# [FGO] forums.gentoo.org quitte le Web

## geekounet

Quel est le problème ? Pourquoi est-ce nécessaire ?

En tant qu'élément du centre de données OSL, forums.gentoo.org dépend de leurs serveurs de base de données, qui ont déjà été mis à jour vers MySQL v5. Nous devons donc suivre et passer forums.gentoo.org à la version 5.

Qu'est ce qui sera fait ?

La base de données va être coupée et sauvegardée. Après quelques derniers contrôles d'intégrité, les procédures de migration vers le nouveau format seront exécutées. Si rien d'imprévu n'arrive, le passage au support complet de l'UTF-8 sera la dernière étape.

Afin que ces opérations soient effectuées dans les plus brefs délais, les administrateurs du forum ont décidé qu'il serait fermé pendant l'opération.

Quand cela se passera-t-il ?

L'opération devrait commencer le 08 septembre 2007 et durer environ 48h.
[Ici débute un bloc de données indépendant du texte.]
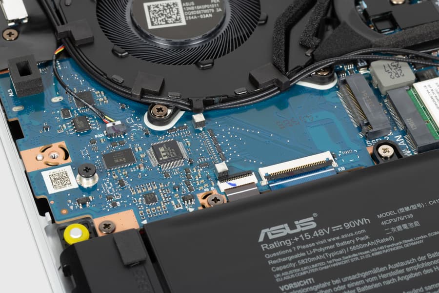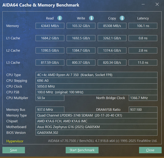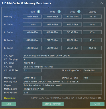 Внутри по размерам доминируют система охлаждения и аккумулятор.Аппаратная модернизация предусматривает возможность добавления дополнительного накопителя в свободный слот M.2, а также замену аккумулятора. Оперативная память распаяна. Уточним ее скоростные показатели при помощи пакета AIDA64.

La progression réelle sera régulièrement mise à jour et affichée sur cette page.

Et si cela se passe mal ?

Les administrateurs ont fait de nombreux essais préliminaires pour éliminer les éventuels soucis. La plupart d'entre eux sont résolus, d'autres ont encore besoin d'un peu de travail avant que l'opération commence. Il est cependant possible que certains (peu nombreux) messages soient mal convertis ou que des noms d'utilisateur avec des caractères spéciaux ne puissent plus se connecter. Dans ce dernier cas, veuillez envoyer un message à forum-mods@gentoo.org et les cas seront traités un par un. Soyez conscients qu'un changement du nom d'utilisateur pourrait être nécessaire.

Informations supplémentaires

Pour plus de questions avant ou après la migration, merci de consulter ce fil de discussion dans le sous-forum Gentoo Forums Feedback. Étant donné qu'il ne sera pas disponible pendant la migration, veuillez consulter la page de progression pendant cette période, ou n'hésitez pas à vous connecter sur irc.freenode.net et rejoindre le salon #gentoo-forums.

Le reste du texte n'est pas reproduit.